China Touts Oil Reserves To Foreign Companies

Beijing seizes opportunity to take advantage of rising oil prices

CHINA is trying to profit from rising oil prices and revive the interest of foreign petroleum companies in its so-far paltry discoveries of offshore oil. Beijing recently announced vague incentives for foreign investors as part of what it calls a 10-year strategy to develop offshore oil. It also hinted that it soon plans to allow foreign oil companies to survey the East China Sea, one of the largest uncharted areas of potential oil reserves in the world.

Beijing's courting of foreign oil executives, however, is likely to be shrugged off. China has yet to prove that there is enough untapped offshore oil to make investment in drilling pay off, say Western diplomats and oil industry experts here.

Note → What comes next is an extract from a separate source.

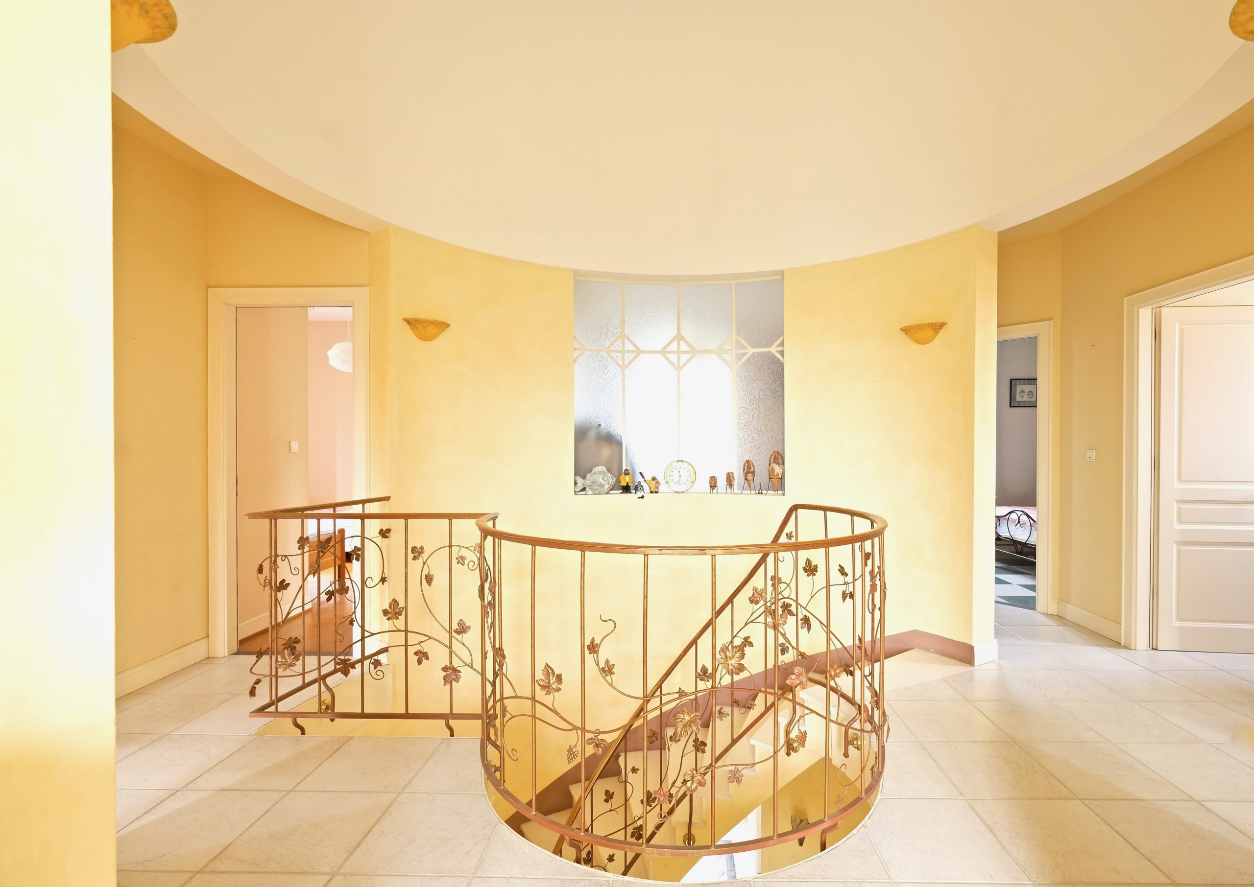 Un escalier original aux inspirations années folles dessert quatre belles chambres, une lingerie, une salle d'eau et une salle de bains.

Also, foreign executives are leery of Beijing's wooing of oil officials. Dozens of Western companies have invested $2.7 billion in China's offshore oil since 1978 in the biggest business venture between capitalists and Chinese communists. Only a few of the companies have discovered oil and expect to recoup their exploration costs.

The uphill effort to coax oil investment from abroad underscores Beijing's desperation to ease its severe energy shortage, diplomats and oil industry experts say.

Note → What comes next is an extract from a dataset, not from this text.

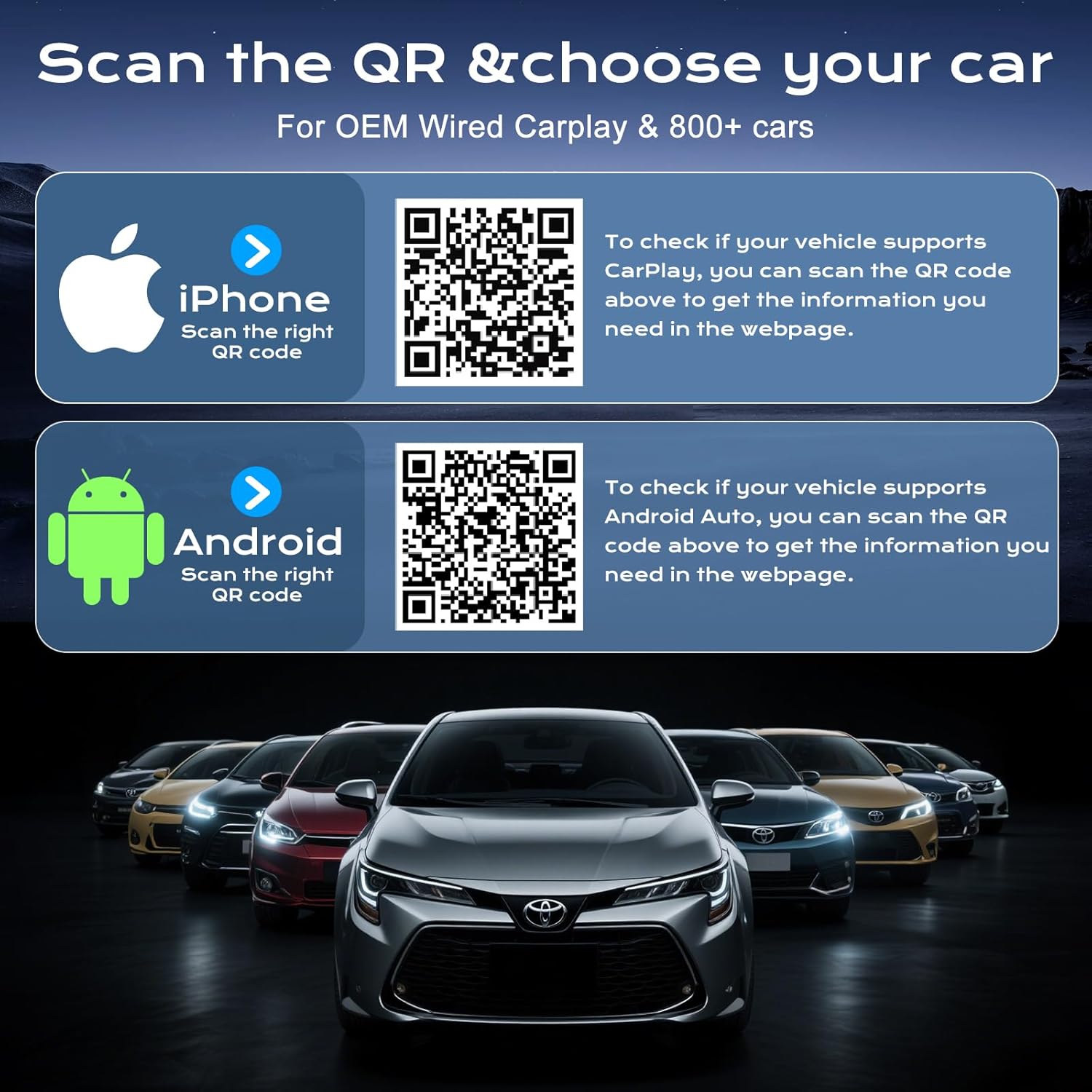 - Universal Compatibility:The USB wireless CarPlay adapter is compatible with more than 800+ car models.2 in 1 universal compatibility iOS & Android Auto.The wireless carplay adapter is compatible with iPhone 6 & later models running iOS 10 or above, as well as Android phones running Android 11 or above, enabling effortless switching between different operating systems

Thousands of factories across China must shut down several hours each week because of scant power. The debilitating energy shortfall is widely considered the biggest obstacle to China's ambition to double its gross national product by the year 2000.

Large-scale production of offshore oil would give China's economy a needed fillip by bolstering lucrative oil exports and easing the energy shortage, Chinese officials say. China exported 200 million barrels of oil last year to gain hard currency.

Oil from the seabed would also enable Beijing to ensure it need not hold down costly oil imports, which were logged at 23 million barrels last year, the officials say.

With the rise in oil prices during the Gulf crisis, the cost of importing oil threatens to cut deeper into China's precious holdings of hard currency. In the first seven months of this year China imported 82 percent of its total oil imports for 1989.

Hamstrung by a tight fiscal deficit, China must rely on foreign investment to tap its continental shelf. It is using the jump in oil prices to entice foreign companies to invest in offshore drilling.

``The near-doubling in the price of oil is very good for us,'' says Wu Xunduo of the state-owned China National Offshore Oil Corporation (CNOOC). ``We're hoping for peace in the Middle East, but we're enjoying the rise in oil prices.''

As part of a 10-year development strategy, China plans to build major crude oil production bases in the South China Sea, says Mr. Wu, director of CNOOC's international liaison department. It also will construct offshore oil refineries and ``other major petrochemical projects'' in an effort ``to create a better environment for foreign investors in offshore oil during the 1990s,'' Wu says.

For instance, CNOOC hopes to build China's largest petrochemical works in a joint venture with Shell Oil Company in Huizhou, Guangdong Province. The $2 billion complex could annually refine 40 million barrels of crude oil and produce 4 million barrels of chemical products.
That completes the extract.